In our study, mice started chronic alcohol drinking from the age of about 4 weeks old and lasted seven weeks, covering the entire period of adolescence-to-adulthood development in mice. During this time, a trend of increased alcohol consumption was observed (Figure 1C), with an overall average alcohol consumption of 2.8 g/kg/day. This represents a moderate level of alcohol consumption, as it is comparable to the lower range of alcohol intake in a cross-mouse strain study of alcohol intake during the 4-hour daily drinking session using the drinking-in-the-dark model [46]. Using FDA’s guidance for conversion of animal doses to human equivalent doses (HED) based on body surface area [57], this level of alcohol consumption in mouse is roughly equivalent to about 1–2 glasses of wine in a 60 kg adult human. Interestingly, such a relatively moderate level of alcohol drinking during adolescent development still resulted in a pattern of gene expression change in hypothalamus; in particular, for certain genes that have been shown to be involved in the dilated cardiomyopathy (Figure 5).
Adolescent chronic alcohol intake in mice results in a pattern of gene regulation in the hypothalamus
Our results showed that chronic alcohol intake influences hypothalamic gene expression.
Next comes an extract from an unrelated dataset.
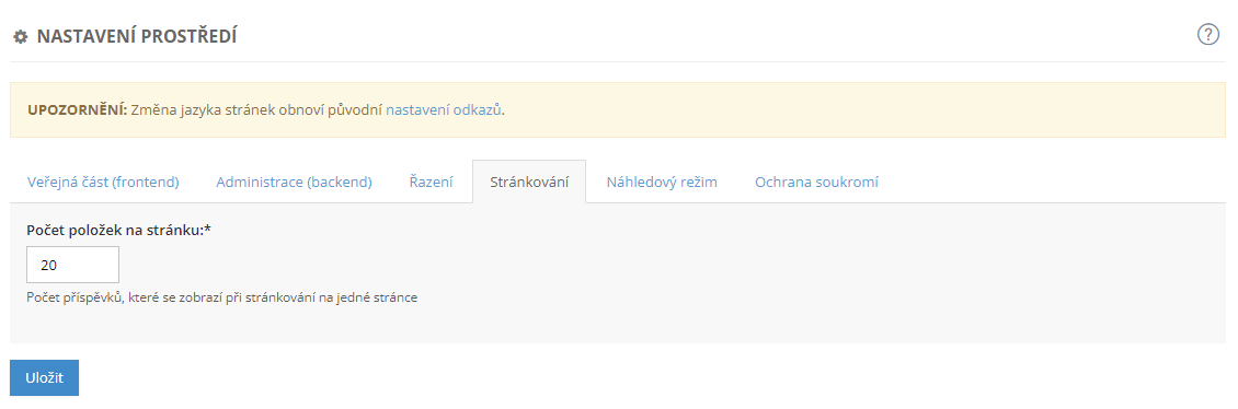 Zde vyberete počet příspěvků, který se má zobrazit na jedné stránce. Ovlivňuje také počet fotek a produktů na jedné stránce.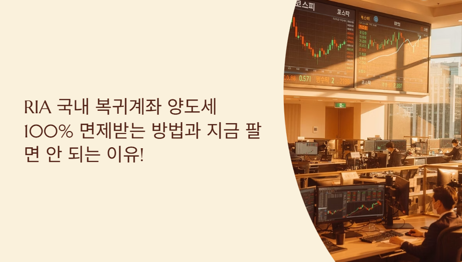 RIA 국내 복귀계좌 양도세 100% 면제받는 방법과 지금 팔면 안 되는 이유!

From our microarray analysis of hypothalamic gene expression, 1,819 genes showed significant changes, of which 751 displaying gene expression change of 1.2 fold or higher. PCA (Figure 3) and clustering analysis (Figure 4) showed that, compared with water controls, alcohol intake in mice displayed a pattern of hypothalamic gene expression changes. Using pathway analysis of the differentially expressed genes, we found that dilated cardiomyopathy (DCM) pathway is one of the major pathways that was affected by chronic alcohol intake. Using RT-PCR, five genes in the DCM pathway (Adrb1, Gnas, Adcy1, Cacna1d, and Itga4) are down-regulated in chronic alcohol mice relative to water controls, and two genes were up-regulated (Des and Igf1) (Table 1). Of the five down-regulated genes, four of them (Adrb1: β-1 adrenergic receptor, β1AR; Gnas: guanine nucleotide binding protein, alpha stimulating, Gsα; Adcy1: adenylyl cyclase 1, AC1; and Cacna1d: calcium channel, voltage-dependent, L type, alpha 1D subunit, D-LTCCs) belong to the β1AR-DHPR-Ca2+ branch of the DCM pathway (Figure 5). The functions of these gene products are closely related: β-adrenergic receptors are coupled to G proteins including Gnas, which stimulates adenylyl cyclase, and results in increased cAMP levels. The primary target for cAMP is protein kinase A, which phosphorylates several proteins including Cacna1d, which regulates Ca2+ influx into the cytosol from intracellular Ca2+ stores endoplasmic reticulum in neurons and sarcoplasmic reticulum in cardiac myocytes. What these genes share in common is that they all code for proteins which initiate the signaling steps of this pathway. Thus, we term these gene products “signaling pathway initiating factors” (SPIFs).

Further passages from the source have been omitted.